» BRIEF: In this exercise, print only the lines of the records below from the one with "An anime-style young" through the one with "胡散臭い通販商品みたいなあだ名 | 『来世でも幸せになれる健康食品…その名も「おおいともこ」』 |", inclusive. Pictures are not part of the copy.

★ ★ ★

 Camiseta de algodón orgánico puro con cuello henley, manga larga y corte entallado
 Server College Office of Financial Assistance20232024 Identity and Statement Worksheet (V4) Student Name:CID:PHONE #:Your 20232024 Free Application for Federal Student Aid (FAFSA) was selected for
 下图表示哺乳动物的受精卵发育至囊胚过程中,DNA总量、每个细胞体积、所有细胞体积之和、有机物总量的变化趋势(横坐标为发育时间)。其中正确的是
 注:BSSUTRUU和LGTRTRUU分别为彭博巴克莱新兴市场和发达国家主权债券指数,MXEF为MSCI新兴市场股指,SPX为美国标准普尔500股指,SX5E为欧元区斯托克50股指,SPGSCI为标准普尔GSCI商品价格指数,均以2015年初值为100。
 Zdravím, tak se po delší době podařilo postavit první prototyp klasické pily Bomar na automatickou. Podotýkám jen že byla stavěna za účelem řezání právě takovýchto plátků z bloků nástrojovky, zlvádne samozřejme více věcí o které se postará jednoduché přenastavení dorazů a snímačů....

★ ★ ★

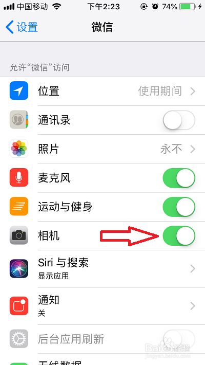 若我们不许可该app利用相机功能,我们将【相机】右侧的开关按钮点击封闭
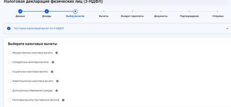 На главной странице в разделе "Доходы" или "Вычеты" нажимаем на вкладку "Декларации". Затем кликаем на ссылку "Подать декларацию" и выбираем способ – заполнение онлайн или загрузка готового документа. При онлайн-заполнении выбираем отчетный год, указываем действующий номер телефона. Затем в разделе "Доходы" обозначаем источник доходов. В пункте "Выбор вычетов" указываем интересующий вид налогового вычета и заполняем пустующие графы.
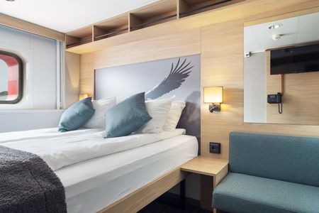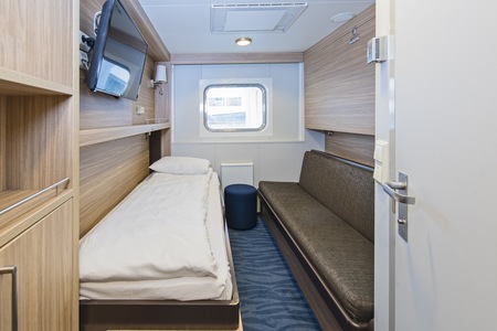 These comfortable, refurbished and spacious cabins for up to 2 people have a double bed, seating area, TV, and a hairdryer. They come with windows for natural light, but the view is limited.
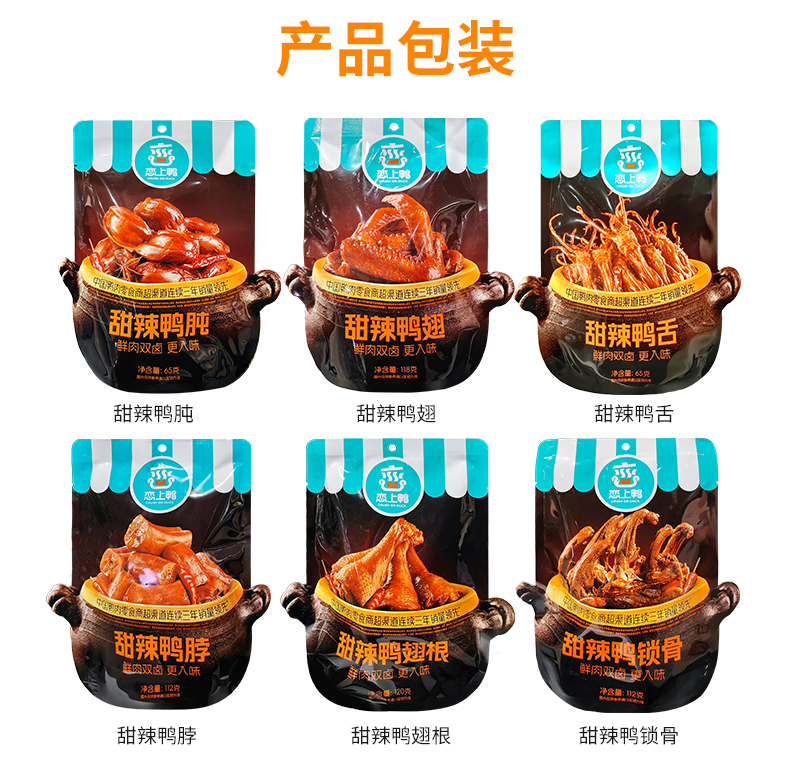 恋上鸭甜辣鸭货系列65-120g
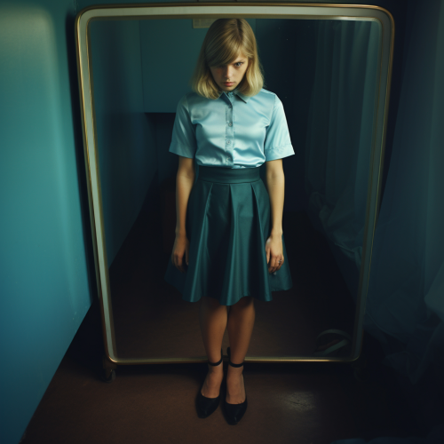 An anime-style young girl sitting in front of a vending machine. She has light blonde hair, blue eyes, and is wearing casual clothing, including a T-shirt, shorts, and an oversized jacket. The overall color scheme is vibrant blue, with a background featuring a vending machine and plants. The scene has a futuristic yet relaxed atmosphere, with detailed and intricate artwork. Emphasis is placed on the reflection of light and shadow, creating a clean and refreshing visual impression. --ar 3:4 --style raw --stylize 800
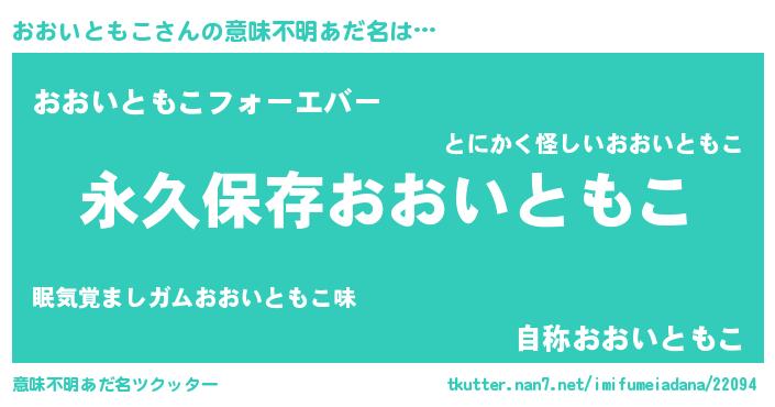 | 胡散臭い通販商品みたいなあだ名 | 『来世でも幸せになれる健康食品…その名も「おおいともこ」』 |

★ ★ ★

» SOLVED PROBLEM:
 An anime-style young girl sitting in front of a vending machine. She has light blonde hair, blue eyes, and is wearing casual clothing, including a T-shirt, shorts, and an oversized jacket. The overall color scheme is vibrant blue, with a background featuring a vending machine and plants. The scene has a futuristic yet relaxed atmosphere, with detailed and intricate artwork. Emphasis is placed on the reflection of light and shadow, creating a clean and refreshing visual impression. --ar 3:4 --style raw --stylize 800
 | 胡散臭い通販商品みたいなあだ名 | 『来世でも幸せになれる健康食品…その名も「おおいともこ」』 |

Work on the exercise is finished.